Task statement: What is needed is an exact transcription of every entry below, with the pictures left out.
**** Material for the task ****
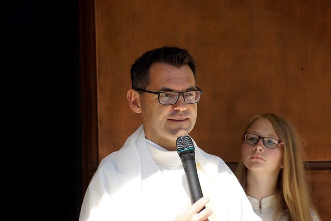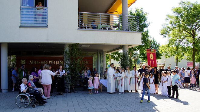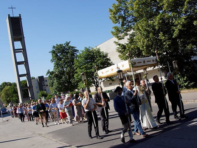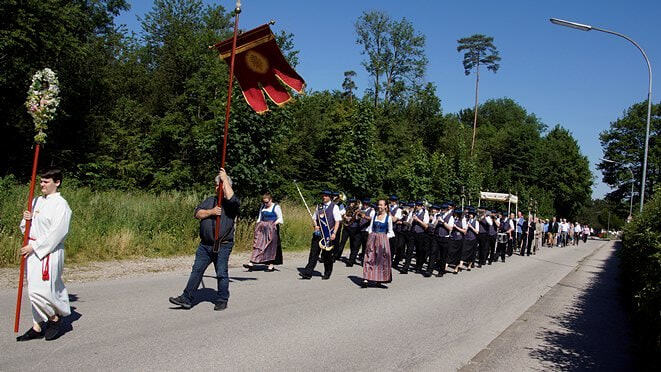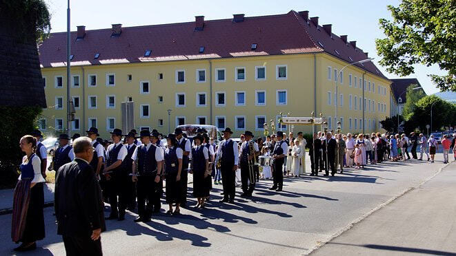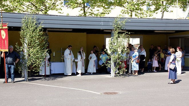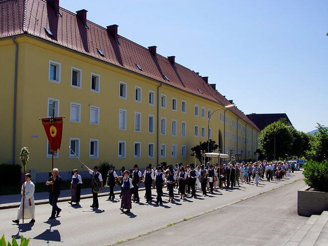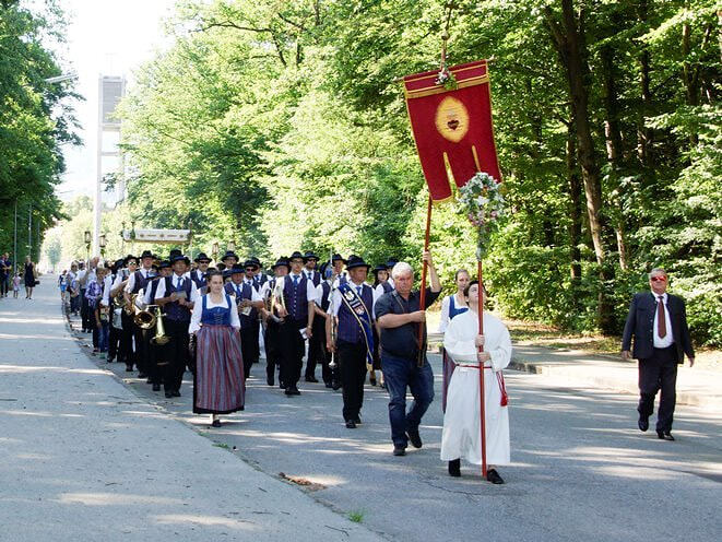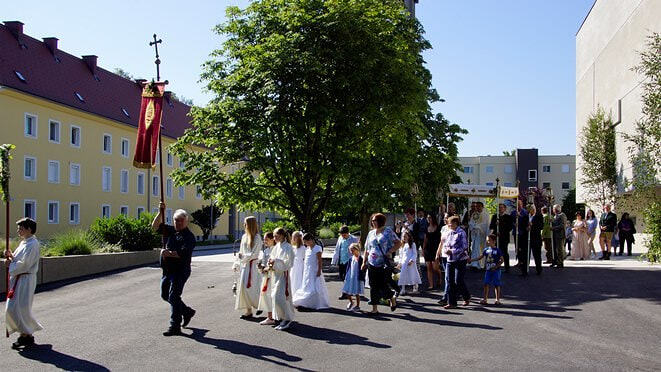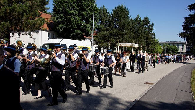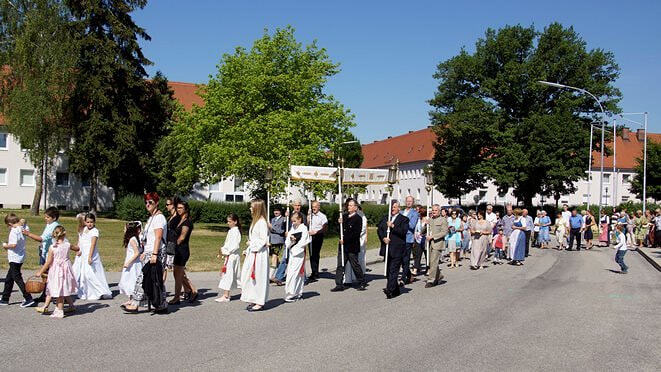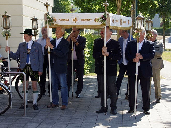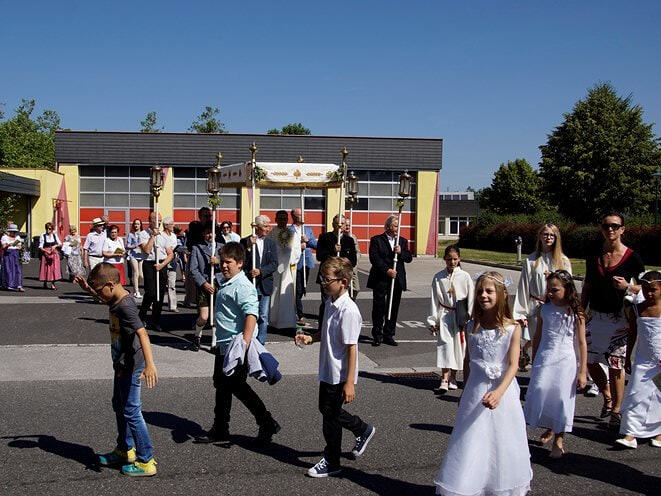 Bei strahlendem Sonnenschein wurde heuer in der Pfarre Fronleichnam zelebriert, wobei Mitglieder der KMB als Fahnen-, Himmel- und Laternenträger im Einsatz waren. Im Anschluss an die Prozession stärkten sich die Mitglieder der Musikkapelle, Erstkommunionkinder und alle Helfern bei einer Leberkäsjause im Pfarrzentrum.
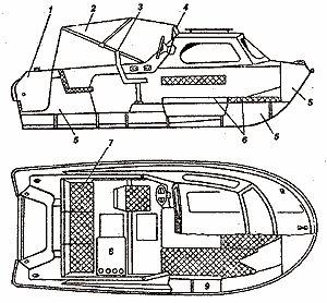 7 - кормовой диван; 8 - съемный столик; 9 - полка
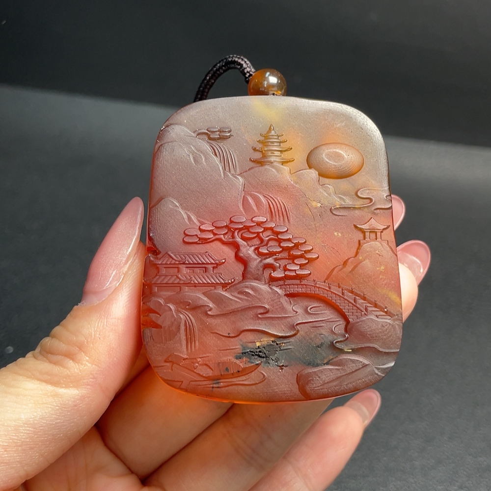 Amber and Beeswax Pendant, Total Weight Approx. 36.36g Including Rope
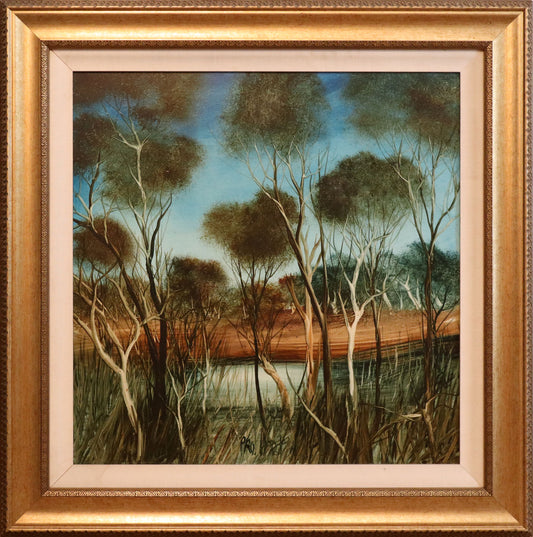 Pro Hart (1928-2006) - Original Oil Painting On Board 'Landscape With Gully" 18.5cm x 18.5cm
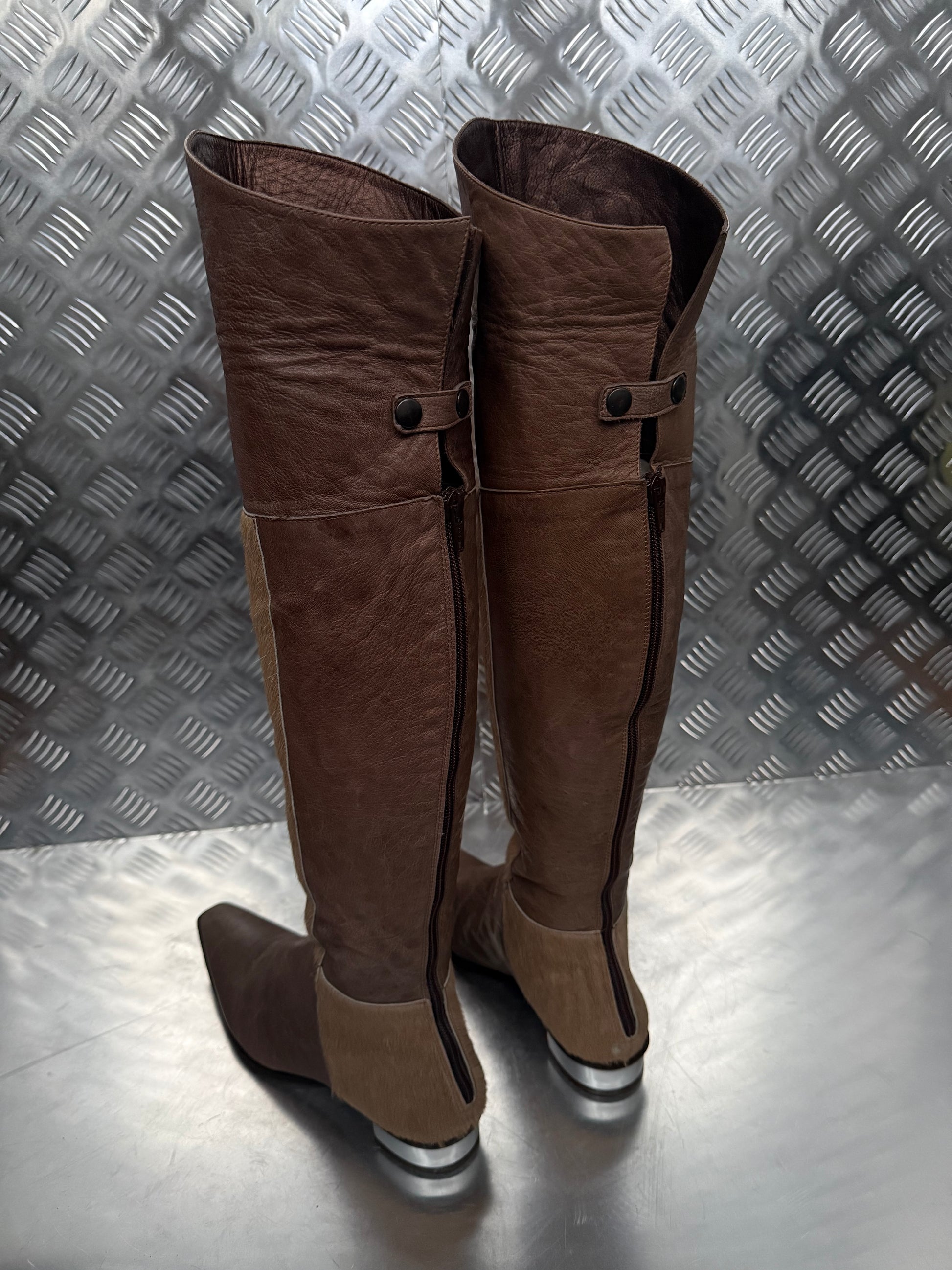 Unique vintage over-the-knee boots by Andrea Lattanzi crafted from rich brown leather and genuine pony fur panels. Sleek, pointed toe silhouette with a striking metallic accent on the heel. Side zip closure. Very good vintage condition with a minor flaw on the pony fur at the heel (see photos).
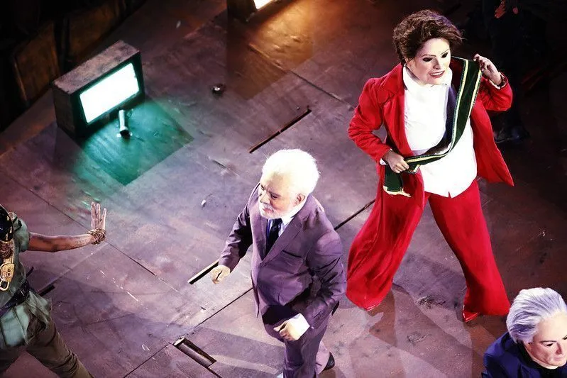 Também foi mostrado o ex-presidente Michel Temer (MDB) “roubando” a faixa presidencial de Dilma. Depois, Lula é preso, Temer passa a faixa ao palhaço Bozo — personagem famoso dos anos 1980 —, que estaria representando Jair Bolsonaro (PL).
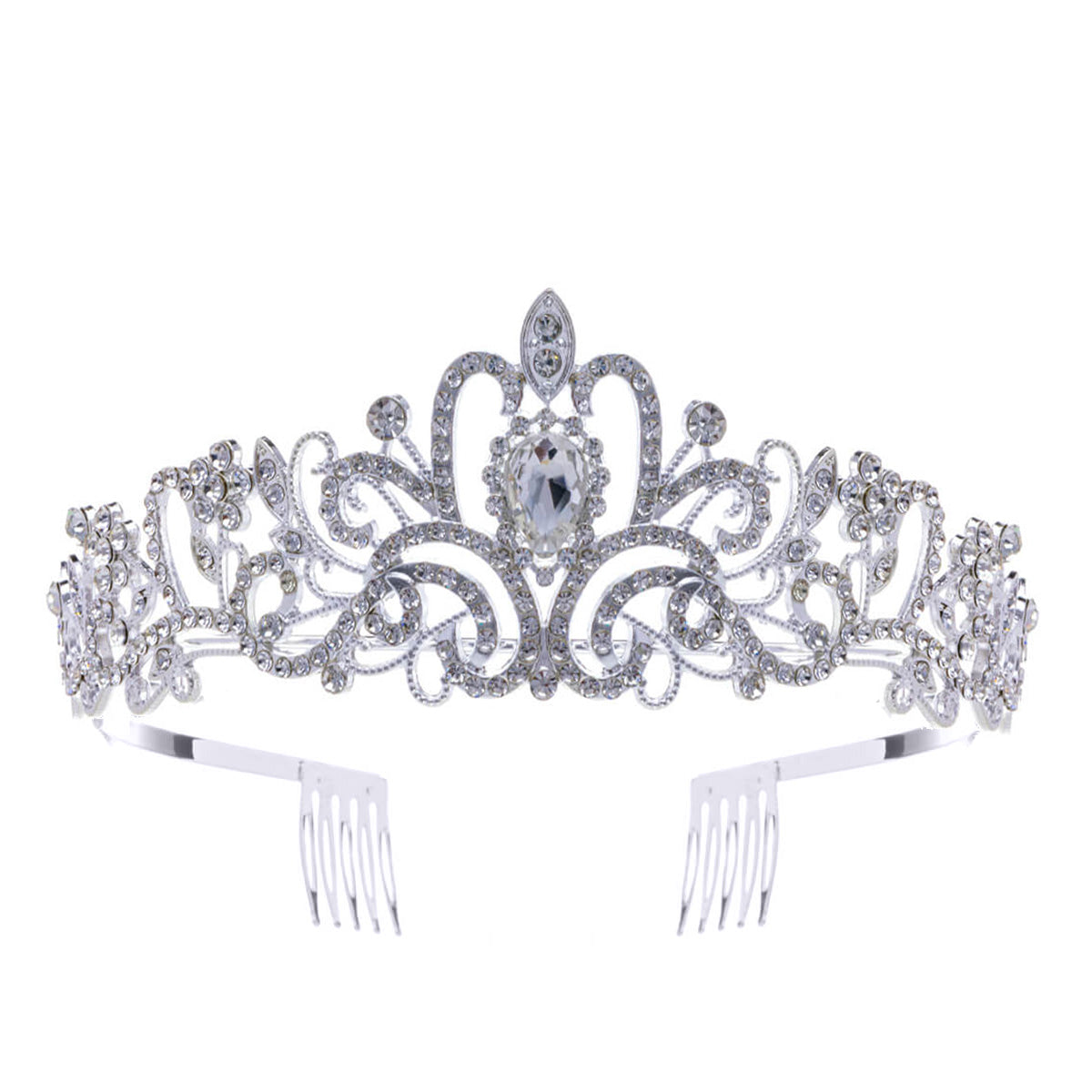 Klara glasstenar gnistrar vackert i detta kristallprydda festdiadem. Diademet är lätt att sätta i en frisyr. Den kamformade tiaran är bekväm att bära som en hårbandsstil eller lösare i en frisyr.
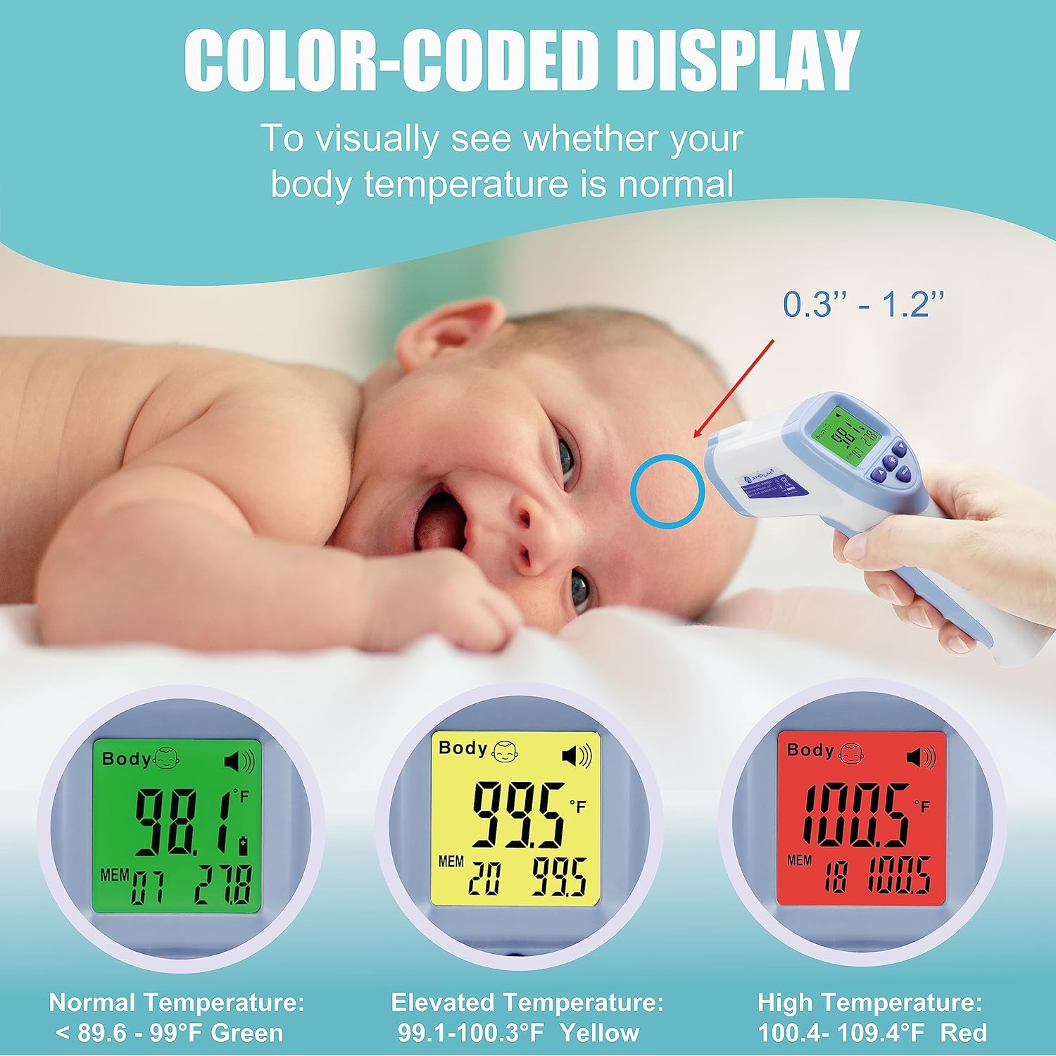 Touchless Design: With a non-contact thermometer gun design, this digital infrared thermometer is hygienic and convenient to use, ensuring accurate results without any physical skin contact
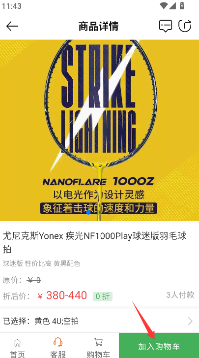 3、最终点选意向购买的球拍商品以查看详情并完成后续操作。
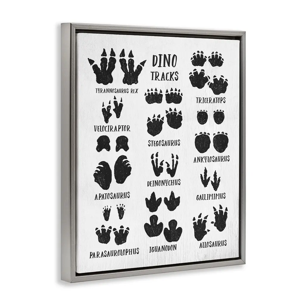 Stupell Children's Rustic Dinosaur Track Chart Framed Floater Canvas Wall Art Design By Daphne Polselli - 17 X 21 - Grey
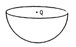 A charge $Q$ is placed at the centre of an imaginary hemispherical surface. Using symmetry arguments and the Gauss's law, find the flux of the electric field due to this charge through the surface of the hemisphere.
****
Result of this exercise:
 Bei strahlendem Sonnenschein wurde heuer in der Pfarre Fronleichnam zelebriert, wobei Mitglieder der KMB als Fahnen-, Himmel- und Laternenträger im Einsatz waren. Im Anschluss an die Prozession stärkten sich die Mitglieder der Musikkapelle, Erstkommunionkinder und alle Helfern bei einer Leberkäsjause im Pfarrzentrum.
 7 - кормовой диван; 8 - съемный столик; 9 - полка
 Amber and Beeswax Pendant, Total Weight Approx. 36.36g Including Rope
 Pro Hart (1928-2006) - Original Oil Painting On Board 'Landscape With Gully" 18.5cm x 18.5cm
 Unique vintage over-the-knee boots by Andrea Lattanzi crafted from rich brown leather and genuine pony fur panels. Sleek, pointed toe silhouette with a striking metallic accent on the heel. Side zip closure. Very good vintage condition with a minor flaw on the pony fur at the heel (see photos).
 Também foi mostrado o ex-presidente Michel Temer (MDB) “roubando” a faixa presidencial de Dilma. Depois, Lula é preso, Temer passa a faixa ao palhaço Bozo — personagem famoso dos anos 1980 —, que estaria representando Jair Bolsonaro (PL).
 Klara glasstenar gnistrar vackert i detta kristallprydda festdiadem. Diademet är lätt att sätta i en frisyr. Den kamformade tiaran är bekväm att bära som en hårbandsstil eller lösare i en frisyr.
 Touchless Design: With a non-contact thermometer gun design, this digital infrared thermometer is hygienic and convenient to use, ensuring accurate results without any physical skin contact
 3、最终点选意向购买的球拍商品以查看详情并完成后续操作。
 Stupell Children's Rustic Dinosaur Track Chart Framed Floater Canvas Wall Art Design By Daphne Polselli - 17 X 21 - Grey
 A charge $Q$ is placed at the centre of an imaginary hemispherical surface. Using symmetry arguments and the Gauss's law, find the flux of the electric field due to this charge through the surface of the hemisphere.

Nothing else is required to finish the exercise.